The five Great Lakes, Huron, Ontario, Michigan, Erie and Superior have a total coastline of almost 11,000 miles. Together with the rivers, channels, and smaller lakes that feed or drain them, they make up the largest surface freshwater system on Earth.

While the Great Lakes system spreads across more than 94,250 square miles (244,106 square kilometers), it drains a much larger watershed that includes parts of eight states and two Canadian provinces. Nearly 40 million people, including 11 million Canadians depend on the Great Lakes for drinking water, recreation, transportation, power and economic opportunities. According to Environment Canada, the Great Lakes and St. Lawrence River region supports 56 million jobs shared by Canada and the United States.

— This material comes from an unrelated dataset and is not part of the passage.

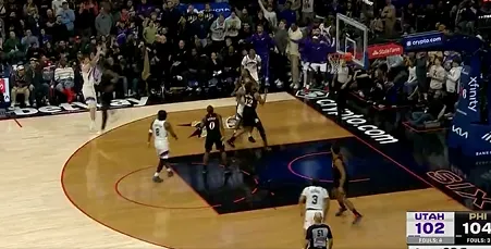 第四节比赛,菲利波夫斯基关键三分未能命中,还剩2秒爵士落后76人2分。

As the population has increased, human activities have taken their toll on the Great Lakes ecosystem. The environmental impacts of urbanization, trade, industrialization, agriculture, climate change, toxic contaminants and other pressures, are obvious. Concentrations of historic pollutants are still a concern, mercury levels in some species of Great Lakes fish are stable but are increasing in others.

New pollutants, including pharmaceuticals and plastic waste are equally troubling. Chemicals like fire retardants, polybrominated diphenyl ethers (PBDE) are present in the water, air, sediment, wildlife, and people who live near the Great Lakes.

This is deeply concerning because these chemicals are persistent (never break down), toxic, and bioaccumulative, absorbed by the body. Exposure to PBDEs has been linked to thyroid disorders, birth defects, infertility, cancer, and neurobehavioral disorders.

The commission is seeking public comments on the report until April 15, 2017 at ParticipateIJC@ottawa.ijc.org or at participateijc.org.

Here are recent stories about the Office of Response and Restoration’s work in the Great Lakes:

Protecting the Great Lakes After a Coal Ship Hits Ground in Lake Erie

With Eye Toward Restoring Ecosystems, NOAA Releases New Pollution Mapping Tool for Great Lakes

Is There a Garbage Patch in the Great Lakes?

What Was the Fate of Lake Erie’s Leaking Shipwreck, the Argo?

Anna McCartney is the communications and education specialist at Pennsylvania Sea Grant.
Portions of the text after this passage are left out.